Do you suffer from sore eyes? If your eyes are sore from lengthy exposure to the sun, try beating the white of an egg and then spread it over a cloth and bandage the eyes with it. Leave the preparation on overnight. Soft cheese (quark) is also a good remedy for this condition.

For those unpleasant times when you suffer from diarrhea, two tablespoons of brown vinegar will usually fix the problem. Vinegar can be rather horrible to take, but who cares! The problem is more horrible. Vinegar can usually be found in most people's cupboards, so you don't need to worry about finding someone to run to the shop for you in an emergency.

Sleepless? Instead of reaching for sleeping pills, which can quickly become addictive, try this: Drink only caffeine free tea or coffee starting late in the afternoon.. Go to bed earlier rather than later, as being overtired tends to keep people awake. Make sure the bedroom is dark and quiet.
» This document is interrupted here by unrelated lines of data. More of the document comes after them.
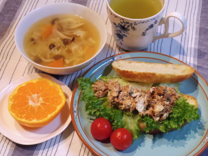 イワシのサンドイッチ(ブール2枚。フリルレタス、イワシ缶、タマネギ、マヨネーズ。ミニトマト)、スープ(タマネギ、ニンジン、キャベツ、シメジ)、ミカン
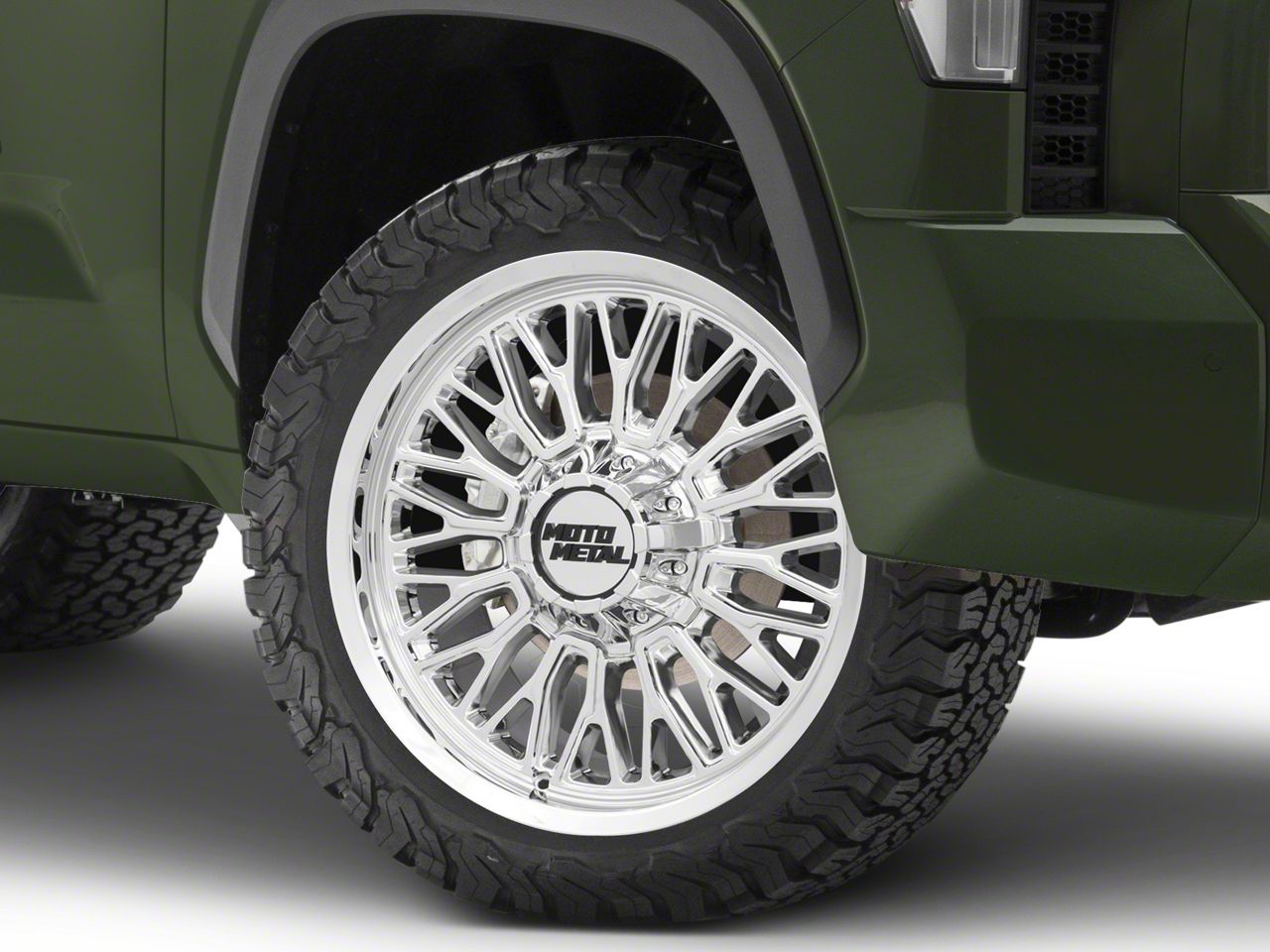 Application. This Moto Metal Stinger Chrome 6-Lug Wheel; 22x10; -18mm Offset, with a backspace of 4.791 Inch, 121.7mm and bolt pattern of 6 x 139.7mm (6 x 5.5-Inch), is designed to provide not only a striking visual appeal but also to contribute significantly to the alignment and driving stability of the vehicle. Its specifications ensure a precise fit with the vehicle model, enhancing the overall driving experience. Built to fit the 2022-2026 Tundra, this wheel is sold individually.
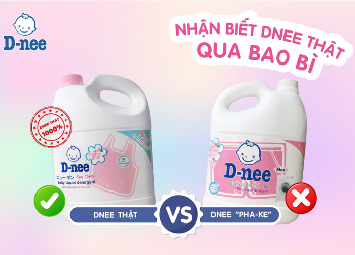 Nước giặt Dnee chính hãng có thông tin in rõ ràng trên bao bì (Nguồn: Internet)Phân biệt bằng cách quan sát đáy chai

Use only pure wool or cotton sheets and blankets. Polyester materials can cause sweat and make you thirsty (if your child constantly asks for water throughout the night, this could be the reason).

And don't watch those scary movies just before retiring! If you still can't sleep, make a tea of lemongrass or drink a nightcap of herbal tea containing chamomile. It's easy to grow lemongrass in your garden or start a flower pot on the balcony for ease of picking. Simply steep a handful in boiling water for five minutes. Honey may be added for a sweetener.

Of course there will be times when you do need modern drugs, so if these simple remedies don't have the required affect, be sure to see a health care professional.